My body and mind were to prove temperamental accomplices in the mission of appreciating my destination. The body found it hard to sleep, it complained of heat, flies and difficulties digesting hotel meals. The mind meanwhile revealed a commitment to anxiety, boredom, free-floating sadness and financial alarm.

It seems that, unlike the continuous, enduring contentment that we anticipate, happiness with, and in, a place must be a brief and, at least to the conscious mind, apparently haphazard phenomenon: an interval in which we achieve receptivity to the world around us, in which positive thoughts of past and future coagulate and anxieties are allayed. But the condition rarely endures for longer than ten minutes. New patterns of anxiety inevitably form on the horizon of consciousness, like the weather fronts that mass themselves every few days off the western coast of Ireland. The past victory no longer seems so impressive, the future acquires complications and the beautiful view becomes as invisible as anything which is always around.

I was to discover an unexpected continuity between the melancholic self I had been at home and the person I was to be on the island, a continuity quite at odds with the radical discontinuity in the landscape and climate, where the very air seemed to be made of a different and sweeter substance.

At mid-morning on that first day, M and I sat on deck chairs outside our beach hut. A single cloud hung shyly above the bay. M put on her headphones and began annotating Emile Durkheim's On Suicide. I looked around me. It would have seemed to observers that I was where I lay. But 'I'-that is, the conscious part of my self-had in truth abandoned the physical envelope in which it dwelt in order to worry about the future, or more specifically about the issue of whether lunches would be included in the price of the room. Two hours later, seated at a corner table in the hotel restaurant with a papaya (lunch and local taxes included), the I that had left my body on the deck chair now made another migration, quitting the island altogether, to visit a troubling project scheduled for the following year.

It was as if a vital evolutionary advantage had been bestowed centuries ago on those members of the species who lived in a state of concern about what was to happen next. These ancestors might have failed to savour their experiences appropriately, but they had at least survived and shaped the character of their descendants; while their more focused siblings, at one with the moment and with the place where they stood in, had met violent ends on the horns of unforeseen bison.

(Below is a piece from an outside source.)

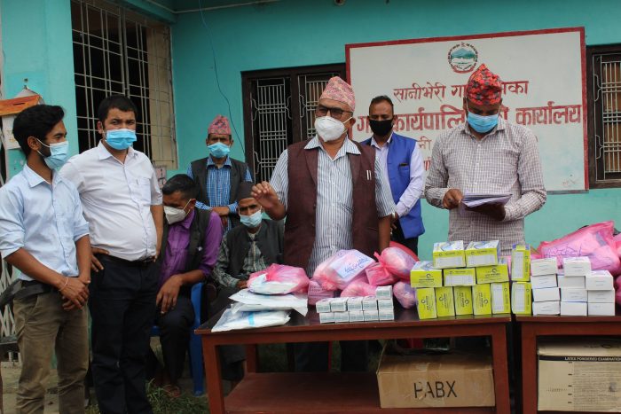 सानीभेरी गाउँपालिका कार्यालय मातहतका बिषयगत शाखा, अस्पताल, ११ वटै वडाका स्वास्थ्य चौकी, प्रहरी चौकी र स्थानीय रेडियोलाई स्वास्थ्य सुरक्षाका सामाग्रीहरु बितरण गरिएको नेपाली काँग्रेस रुकुम पश्चिमका महाधिबेशन प्रतिनिधि गोरख प्रसाद चन्दले जानकारी दिनुभयो ।

It is unfortunately hard to recall our quasi-permanent concern with the future, for on our return from a place, perhaps the first thing to disappear from memory is just how much of the past we spent dwelling on what was to come; how much of it, that is, we spent somewhere other than where we were. There is a purity both in the remembered and in the anticipated visions of a place: it is the place itself that is allowed to stand out.